◆ WHAT IS BEING ASKED: Repeat every record exactly as written, but leave out the pictures.

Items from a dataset
====
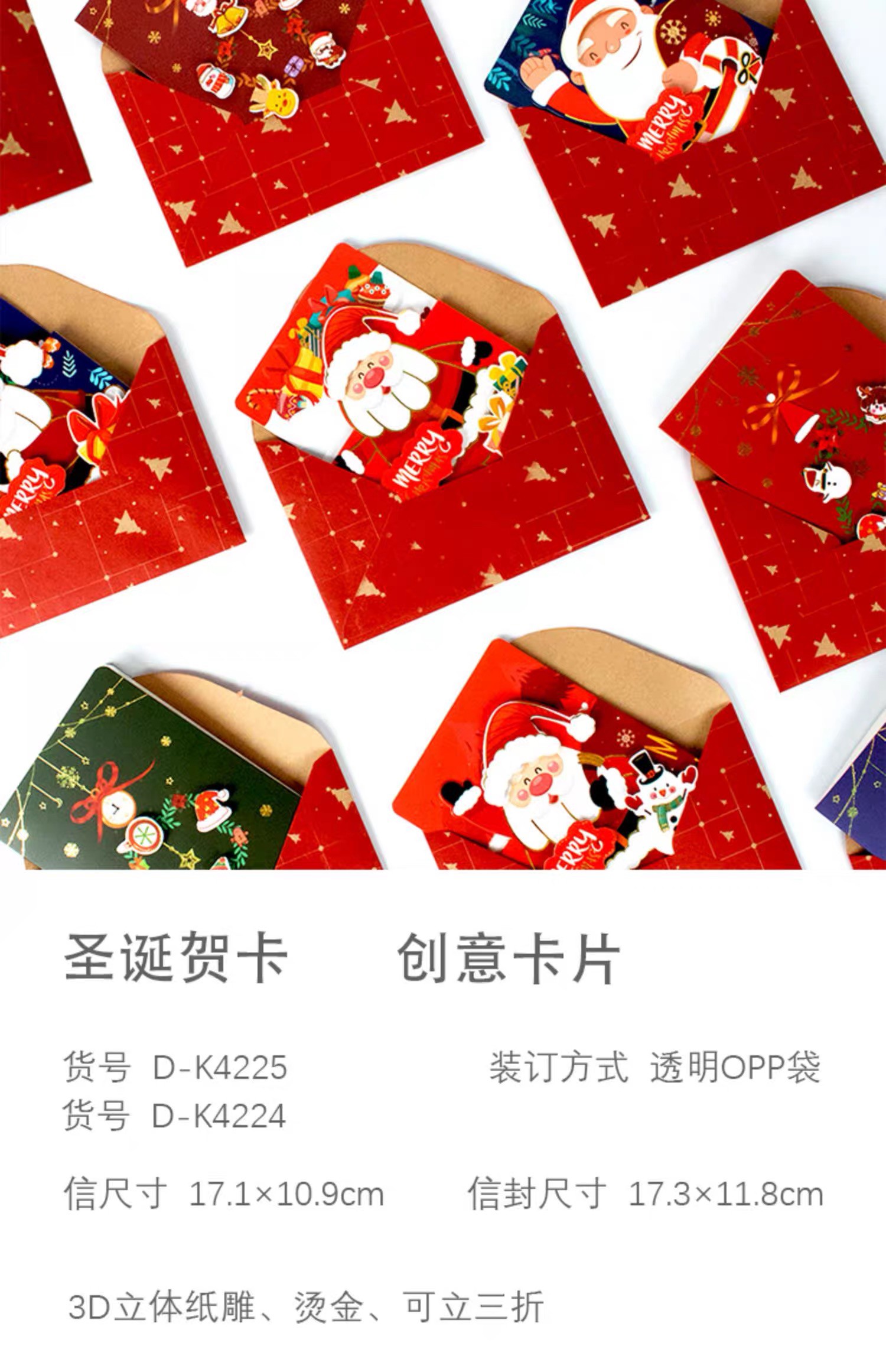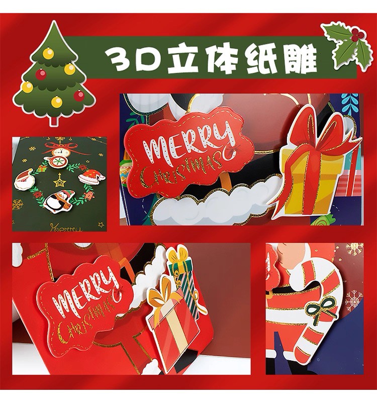 圣诞贺卡3D立体纸雕烫金创意卡片
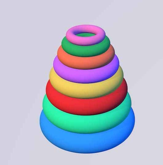 整个过程就是这样:从单个圆环出发,通过克隆和参数化调整快速生成结构,再转为独立对象进行个性化着色。思路清晰,操作也直接,多尝试几次,你肯定能玩出更多花样。
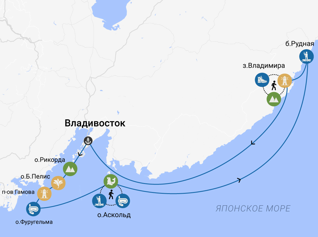 Нас ждёт продуманная до мелочей программа и сплочённая команда гидов, мастерски выполняющая свою работу. Мы исследуем старинные маяки и пройдём нехоженными тропинками по необитаемым островам, искупаемся в райских бирюзовых бухтах с белым песком и нырнём с аквалангом, послушаем увлекательные лекции учёных и фотографов и вместе с шеф-поваром приготовим пойманные собственными руками морские деликатесы. И, конечно, не упустим возможность познакомиться с экзотическими обитателями дальневосточного побережья: тюленями, сивучами, редкими птицами и жителями подводного мира.
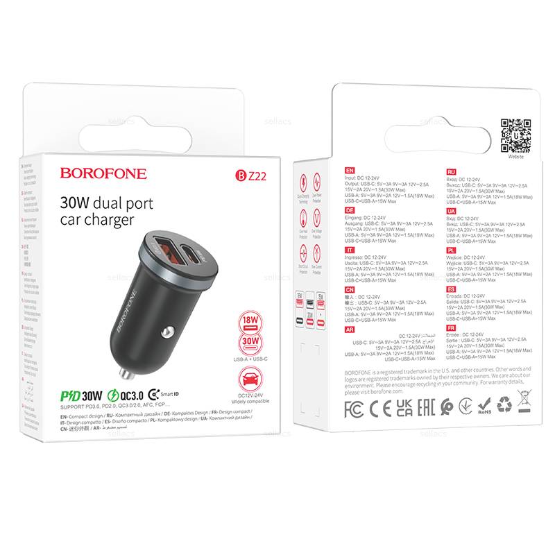 —Зарядное устройство авто. BOROFONE BZ22 PD30W + QC3.0
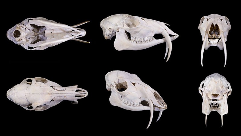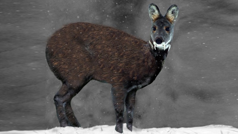 Гирээ (эр хүдэр), гирэгчин эвэргүй. Гирээ дээд уруул дороосоо илүү гарч эрүүнээс доош сөрдийсэн, 7 см хүртэл урт сэлэм хэлбэртэй, хурц, тод цагаан соёотой. Гирэгчний соёо жижиг. Хажуу, зоо хондлойгоороо бүдэг шаравтар толбо бүхий хүрэн бор, бараан хүрэн зүстэй. Хэвэл, мөчдийн дотор тал цайвар. Хондлой сэрвээнээсээ өндөр, урьд хөл хойд хөлөөс богино харагдана. Биеийн урт 93 см, сэрвээний өндөр 69 см, жин 14 кг хүрнэ.
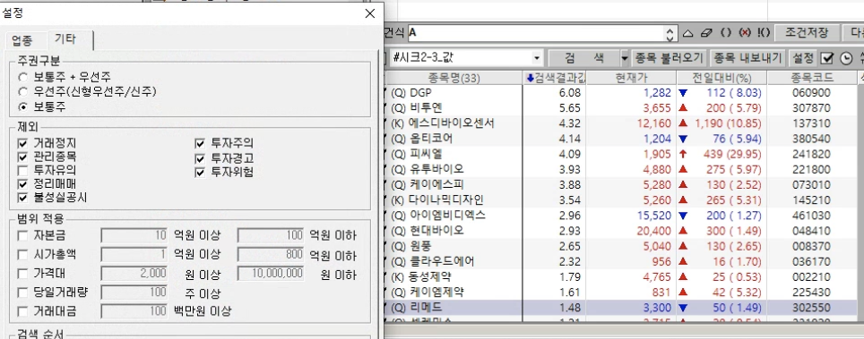 그러므로 당일 거래대금등 지정하셨다면 해당 조건이 적용됩니다.
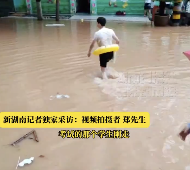 6月19日上午,湖南省湘西土家族苗族自治州龙山县遭遇暴雨袭击。一名中学生为了不耽误中考,带着救生圈蹚过积水区赶考的视频引起了广泛关注。视频拍摄者称,该视频拍摄于龙山县民安街道宝塔社区,水已经淹到一层、二层楼房,这名学生怕赶不上考试,选择游泳通过积水路段。
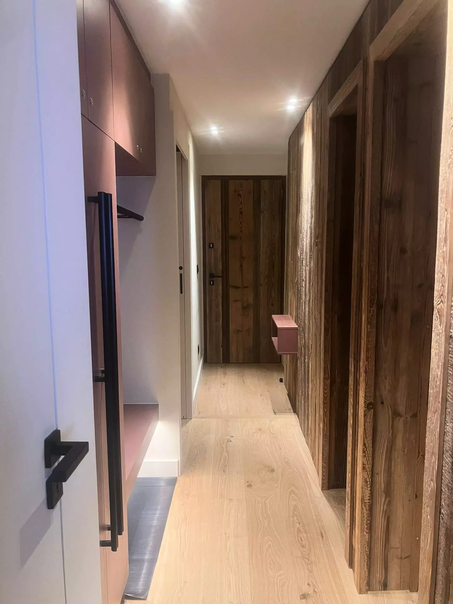The apartment is on the ground floor. It offers an eastern exposure with a view of the Mont Blanc range and has a terrace.
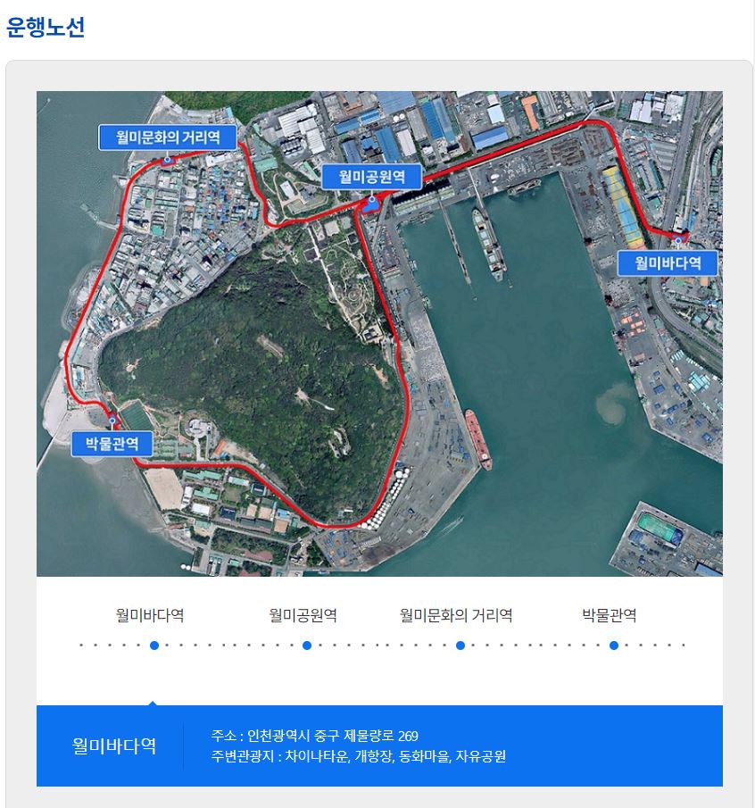 이용 가능한 역은 총 4개의 역으로 월미 바다 역, 월미 공원 역, 월미 문화의 거리 역, 박물관 역이 있고, 박물관 역을 지나면 다시 월미 공원 역으로 순환하여 월미 바다역으로 들어오는 노선으로 운행하고 있습니다. 월미 공원 역부터는 돌아서 제자리로 오는 코스이므로 중간에 잘못 내렸거나 해도 전혀 걱정하실 필요가 없습니다.
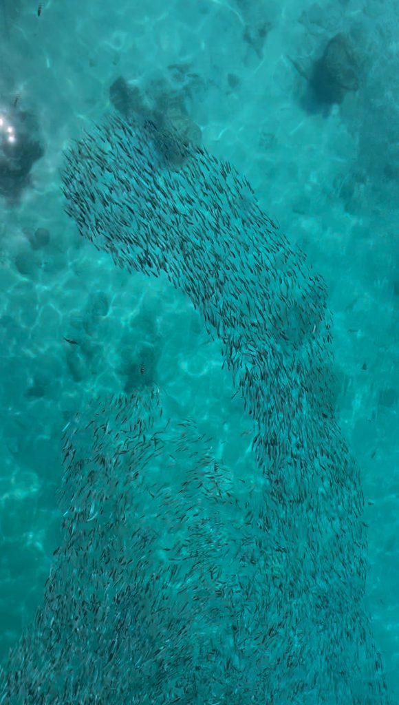 Der zweite Stop war für mich persönlich der herausforderndste. Hier war das Wasser mit Abstand am tiefsten, so um die zehn Meter rum. Für mich also eigentlich ein absoluter Albtraum, irgendwie habe ich mich aber trotzdem überreden lassen, ins Wasser zu springen. Das Boot lag vor einem großen Felsen, der aus dem Wasser ragte, ungefähr hundert Meter von der Insel entfernt. In der Zeit, die wir vor Ort hatten, sind wir an dem Felsen vorbei auf die andere Seite geschwommen, sodass wir das Boot nicht mehr sehen konnte. Die ganze Umgebung und Situation war auf jeden Fall beängstigend, aber den Aufwand absolut wert! Die Wellen von Unterwasser an den Felsen zerschlagen zu sehen, während die Fische um einen herum schwammen war einfach nur beeindruckend. Von dieser Location sind auch meine Lieblingsvideos vom Schnorcheln entstanden.
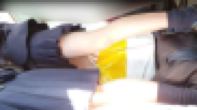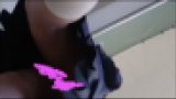荷物をまたいで立っているせいか、太ももの付け根まで見えてしまっているのがいいです。
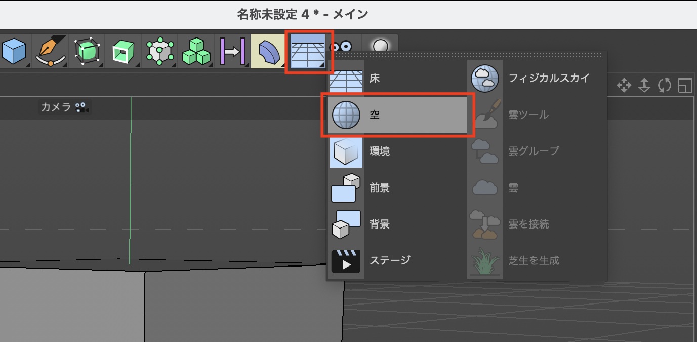 その後で上部メニューのから「空」オブジェクトを追加し、発光マテリアルをドラッグ・アンド・ドロップすればワールドにHDRIが反映されるようになります。
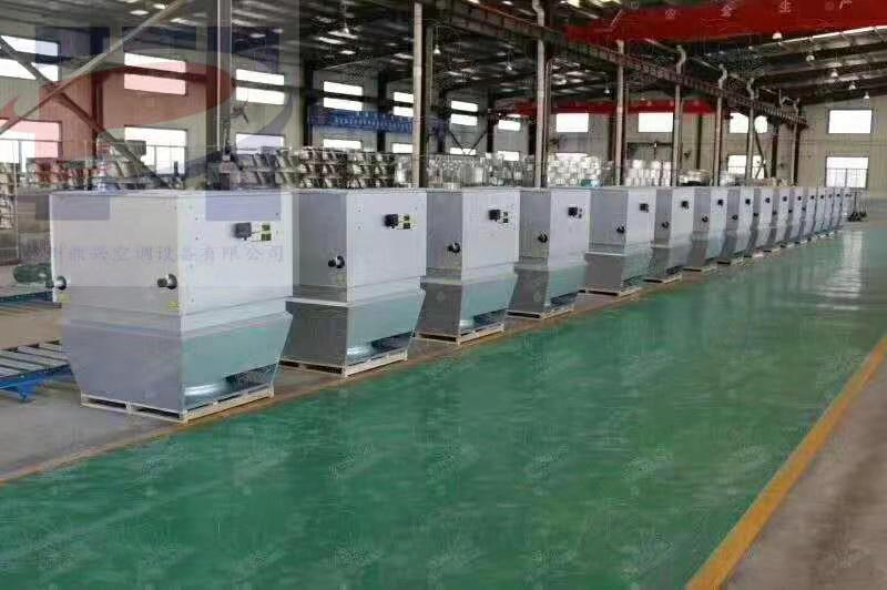 高大空間制熱空調(diào)器安裝在建筑屋頂下方,將空間上方空氣經(jīng)換熱器循環(huán)加熱后通過旋轉(zhuǎn)送風(fēng)裝置送至工作區(qū)域。
====
◆ EXERCISE OUTPUT:
 圣诞贺卡3D立体纸雕烫金创意卡片
 整个过程就是这样:从单个圆环出发,通过克隆和参数化调整快速生成结构,再转为独立对象进行个性化着色。思路清晰,操作也直接,多尝试几次,你肯定能玩出更多花样。
 Нас ждёт продуманная до мелочей программа и сплочённая команда гидов, мастерски выполняющая свою работу. Мы исследуем старинные маяки и пройдём нехоженными тропинками по необитаемым островам, искупаемся в райских бирюзовых бухтах с белым песком и нырнём с аквалангом, послушаем увлекательные лекции учёных и фотографов и вместе с шеф-поваром приготовим пойманные собственными руками морские деликатесы. И, конечно, не упустим возможность познакомиться с экзотическими обитателями дальневосточного побережья: тюленями, сивучами, редкими птицами и жителями подводного мира.
 —Зарядное устройство авто. BOROFONE BZ22 PD30W + QC3.0
 Гирээ (эр хүдэр), гирэгчин эвэргүй. Гирээ дээд уруул дороосоо илүү гарч эрүүнээс доош сөрдийсэн, 7 см хүртэл урт сэлэм хэлбэртэй, хурц, тод цагаан соёотой. Гирэгчний соёо жижиг. Хажуу, зоо хондлойгоороо бүдэг шаравтар толбо бүхий хүрэн бор, бараан хүрэн зүстэй. Хэвэл, мөчдийн дотор тал цайвар. Хондлой сэрвээнээсээ өндөр, урьд хөл хойд хөлөөс богино харагдана. Биеийн урт 93 см, сэрвээний өндөр 69 см, жин 14 кг хүрнэ.
 그러므로 당일 거래대금등 지정하셨다면 해당 조건이 적용됩니다.
 6月19日上午,湖南省湘西土家族苗族自治州龙山县遭遇暴雨袭击。一名中学生为了不耽误中考,带着救生圈蹚过积水区赶考的视频引起了广泛关注。视频拍摄者称,该视频拍摄于龙山县民安街道宝塔社区,水已经淹到一层、二层楼房,这名学生怕赶不上考试,选择游泳通过积水路段。
The apartment is on the ground floor. It offers an eastern exposure with a view of the Mont Blanc range and has a terrace.
 이용 가능한 역은 총 4개의 역으로 월미 바다 역, 월미 공원 역, 월미 문화의 거리 역, 박물관 역이 있고, 박물관 역을 지나면 다시 월미 공원 역으로 순환하여 월미 바다역으로 들어오는 노선으로 운행하고 있습니다. 월미 공원 역부터는 돌아서 제자리로 오는 코스이므로 중간에 잘못 내렸거나 해도 전혀 걱정하실 필요가 없습니다.
 Der zweite Stop war für mich persönlich der herausforderndste. Hier war das Wasser mit Abstand am tiefsten, so um die zehn Meter rum. Für mich also eigentlich ein absoluter Albtraum, irgendwie habe ich mich aber trotzdem überreden lassen, ins Wasser zu springen. Das Boot lag vor einem großen Felsen, der aus dem Wasser ragte, ungefähr hundert Meter von der Insel entfernt. In der Zeit, die wir vor Ort hatten, sind wir an dem Felsen vorbei auf die andere Seite geschwommen, sodass wir das Boot nicht mehr sehen konnte. Die ganze Umgebung und Situation war auf jeden Fall beängstigend, aber den Aufwand absolut wert! Die Wellen von Unterwasser an den Felsen zerschlagen zu sehen, während die Fische um einen herum schwammen war einfach nur beeindruckend. Von dieser Location sind auch meine Lieblingsvideos vom Schnorcheln entstanden.
荷物をまたいで立っているせいか、太ももの付け根まで見えてしまっているのがいいです。
 その後で上部メニューのから「空」オブジェクトを追加し、発光マテリアルをドラッグ・アンド・ドロップすればワールドにHDRIが反映されるようになります。
 高大空間制熱空調(diào)器安裝在建筑屋頂下方,將空間上方空氣經(jīng)換熱器循環(huán)加熱后通過旋轉(zhuǎn)送風(fēng)裝置送至工作區(qū)域。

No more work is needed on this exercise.